Reaching as far back as 1180 AD, the world witnessed the first platform business model when the Count of Champagne set up the Champagne Fairs. (1) With his platform in place, many saw the Count’s business model prove lucrative to all parties involved: buyers, sellers, and most notably, the platform operator sitting in the middle. It was a win-win-win.
While there are instances of multi-sided platform business models, most platforms usually comprise two sides: supply and demand. In today’s tech-driven world, we see these platform business models broker the two sides in the form of Amazon (consumer goods), Airbnb (rental property), Uber (rideshare), Groupon (dining and entertainment), Instacart (grocery delivery), and Robinhood (market trading).

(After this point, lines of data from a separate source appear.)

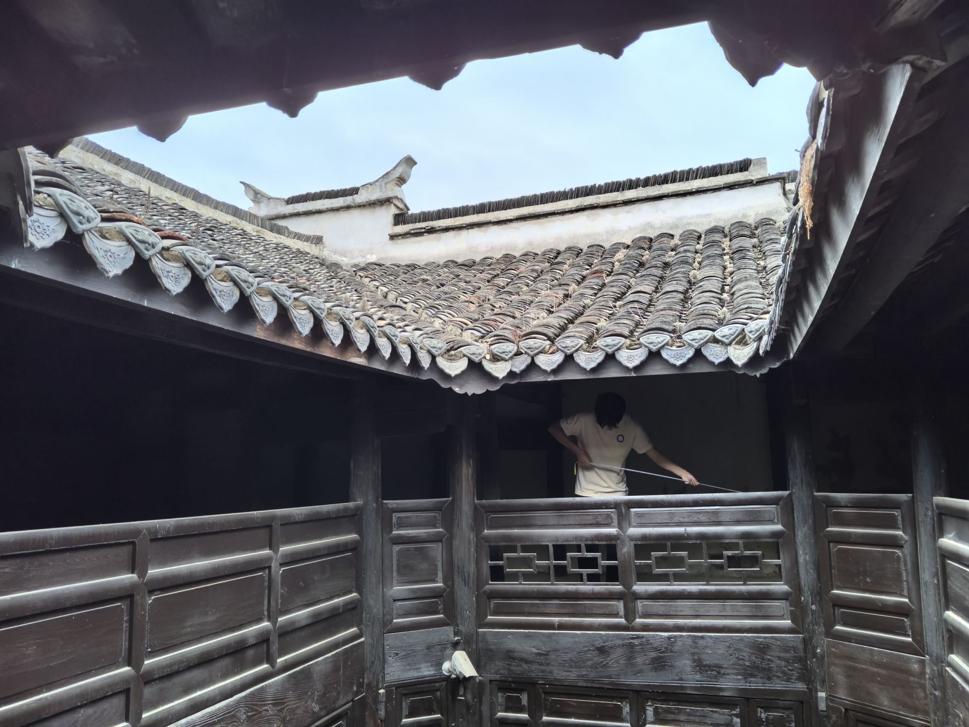 城市建设学院实践团队队员正在对古建筑开展测绘工作 向盈盈/摄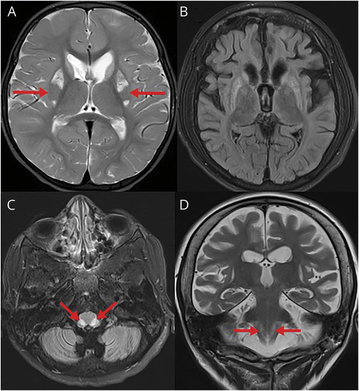 2岁大脑核磁共振显示了典型的“putaminal眼”(A,箭头)。MRI在7岁显示进步的萎缩和胶质增生的基底神经节和大脑皮层萎缩(B)和双边对称信号变化的核束solitarius液体衰减反转恢复序列在t2加权像(C,箭头)和(D,箭头)。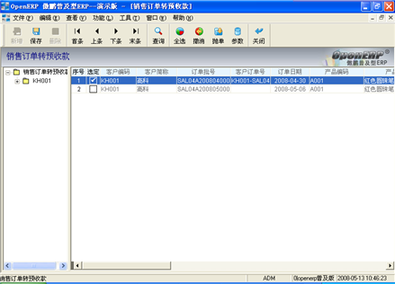 登錄系統後,在左邊的樹(shù)型圖中,找到“應收管理(lǐ)/預收帳款/銷售訂單轉預收款”後雙擊它,進入“銷售訂單轉預收款”窗口(見圖11),此文件櫃将銷售訂單生(shēng)成預收款單據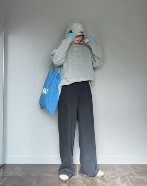 まずご紹介するのは袖口とステッチにブルーが施された配色ニット。ブルーのロゴトートバッグを合わせればおしゃれ感がさらにアップ! このときブルー以外は定番色を選んでシンプルに仕上げるのがコーデをうまくまとめるコツです。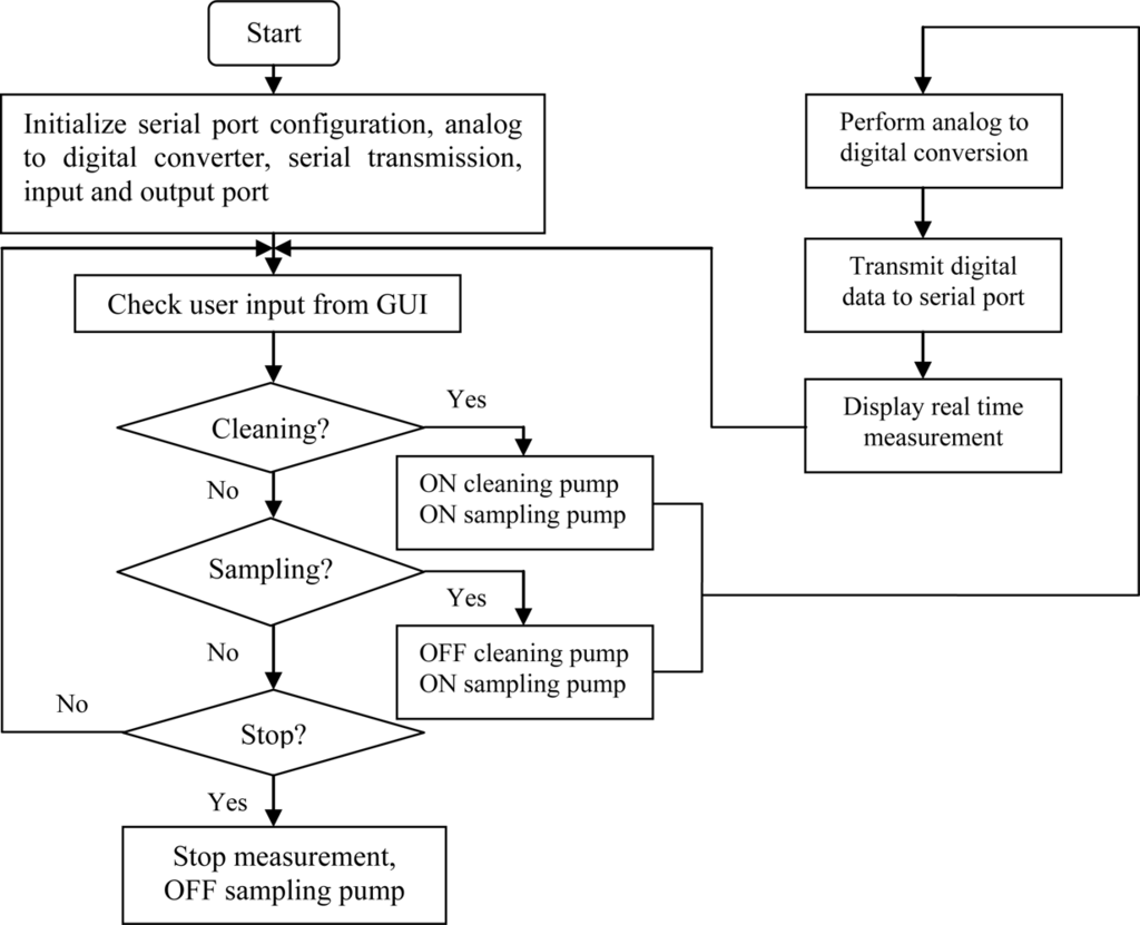 The data acquisition and controller (DAC) unit consists of AD708JN amplifiers, DG406DJ analog multiplexer, PIC16F877A microcontroller and MAX232 for serial interfacing. Voltage output from sensor is connected to the AD708JN operational amplifier. The gain of the operational amplifier was determined on a one to one basis, depending on the strength of each sensor’s response. The amplified voltage signals of the 14 sensors were connected to the DG406DJ analog multiplexer and the output of the analog multiplexer was connected to channel 0 of the PIC16F877A microcontroller. A program to read, perform analog to digital conversion, receive and transmit data was written in assembly language (MPLAB IDE, version 7.20) and embedded into the PIC16F877A microcontroller. Figure 5 shows the block diagram of the DAC and Figure 6 shows the flowchart of the program embedded into the microcontroller.

Fast forward just over 800 years. What started in 1988 in China as an insurance company, Ping An, now describes itself as a compilation of 5 platforms comprised of five ecosystems — financial services, health care, smart cities, automobiles, and real estate. While each platform can operate independently, Ping An has become a top 10 financial institution (2) by bringing them together, amassing insights from data from each, connecting government, patients, medical service providers, health insurers, and technology, all designed to grow the business with an aim to provide the most effective health care possible.
As of August 2022, Code and Pepper listed 50 digital banking platforms3, demonstrating that financial services organizations of all shapes and sizes recognize the potential and are getting into the platform business model game. It’s not just digital core banking services. Consider shared/connected capabilities provided through platform lending (Kiva), debt collection (TrueAccord), commercial banking (nCino), and wealth management (Betterment).
With a platform business model, traditional brick-and-mortar businesses are often replaced with digital equivalents that can scale globally and where the supply chain for these products and services being offered are brokered by the platforms, many times tapping into underpromoted providers and serving untapped consumers.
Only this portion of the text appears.